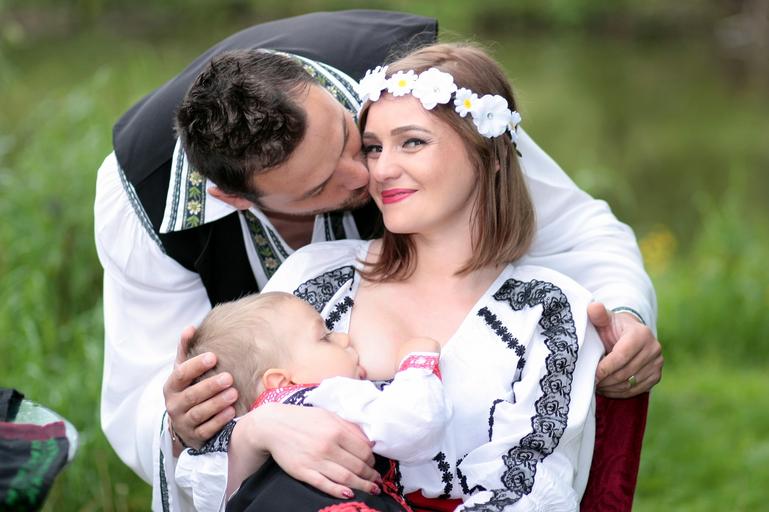 Keywords: family breastfeeding mom dad son traditional costume love happiness hug
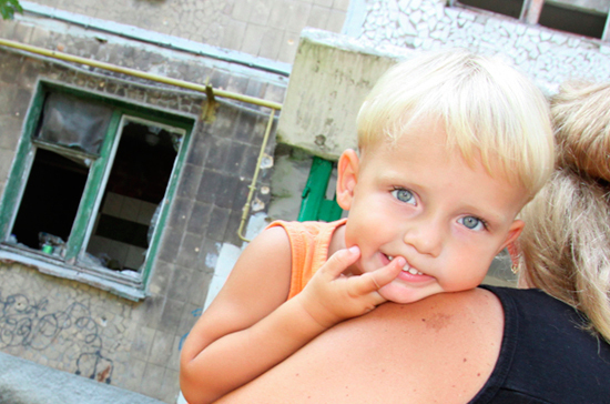 Юный житель пятиэтажного дома в Ясиноватой в Донбассе, пострадавшего в результате обстрела города со стороны украинских силовиков. Фото: РИА Новости/Сергей Аверин
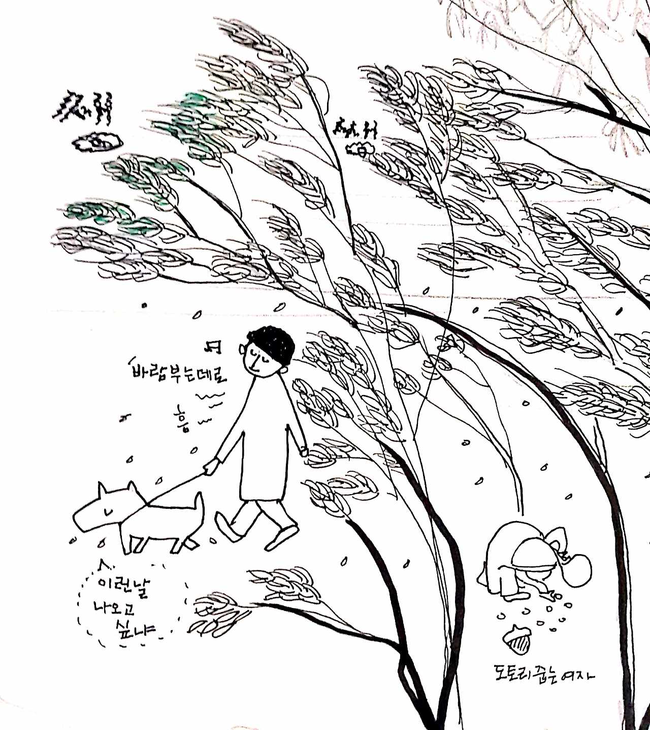 개 끌고 산책하는 남자도보였는데 바람이 등 떠미는 데로 개 한 마리 끌고 걷고 있다. 개는 명랑해 보이지 않는 것같은데비바람 속에 걸으니 털이 젖어서 일게다.
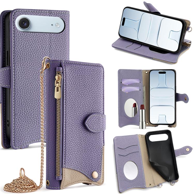Funda de piel de lichi con diseño de cola de pez y cadena cruzada para iPhone Air (morado)
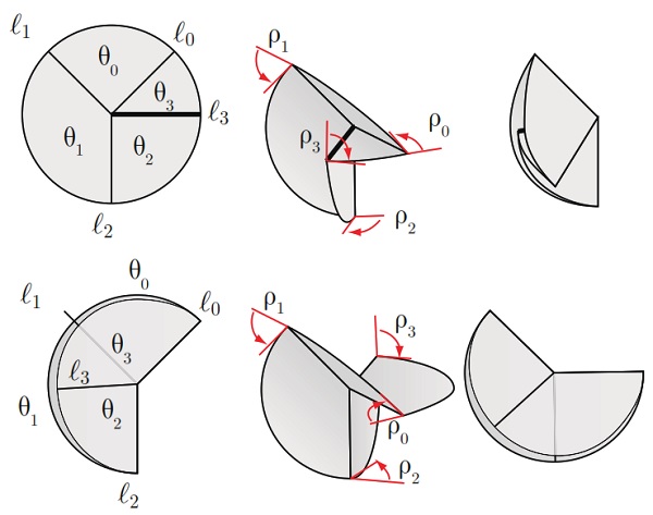 However, since the rigid-foldability of known surfaces strongly relies on the symmetry of the pattern, designing such structures could not be done in an ad-hoc approach; the geometric constraints must be generally investigated to solve an inverse problem of obtaining a pattern from the resulting form and behavior.
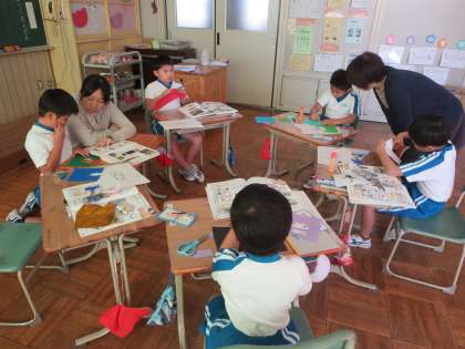 1年教室ではコロコロころがるおもちゃづくりが始まっていました。自分が大好きな動物や昆虫、乗り物を絵にかいたり切り抜いたりしていました。
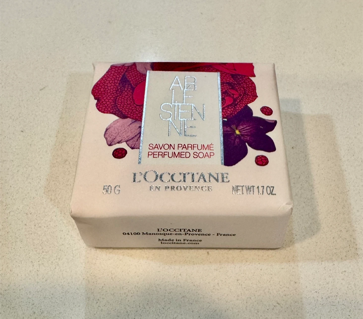 Selling a brand new L'Occitane Arlésienne Savon Perfumé Soap! It's a 50g/Net WT 1.7 OZ soap that gently cleanses hands and body, leaving them delicately fragranced with a floral, captivating scent.

+++++

What is being asked: Copy the records above exactly, leaving out every picture.

Answer below:
 Keywords: family breastfeeding mom dad son traditional costume love happiness hug
 Юный житель пятиэтажного дома в Ясиноватой в Донбассе, пострадавшего в результате обстрела города со стороны украинских силовиков. Фото: РИА Новости/Сергей Аверин
 개 끌고 산책하는 남자도보였는데 바람이 등 떠미는 데로 개 한 마리 끌고 걷고 있다. 개는 명랑해 보이지 않는 것같은데비바람 속에 걸으니 털이 젖어서 일게다.
Funda de piel de lichi con diseño de cola de pez y cadena cruzada para iPhone Air (morado)
 However, since the rigid-foldability of known surfaces strongly relies on the symmetry of the pattern, designing such structures could not be done in an ad-hoc approach; the geometric constraints must be generally investigated to solve an inverse problem of obtaining a pattern from the resulting form and behavior.
 1年教室ではコロコロころがるおもちゃづくりが始まっていました。自分が大好きな動物や昆虫、乗り物を絵にかいたり切り抜いたりしていました。
 Selling a brand new L'Occitane Arlésienne Savon Perfumé Soap! It's a 50g/Net WT 1.7 OZ soap that gently cleanses hands and body, leaving them delicately fragranced with a floral, captivating scent.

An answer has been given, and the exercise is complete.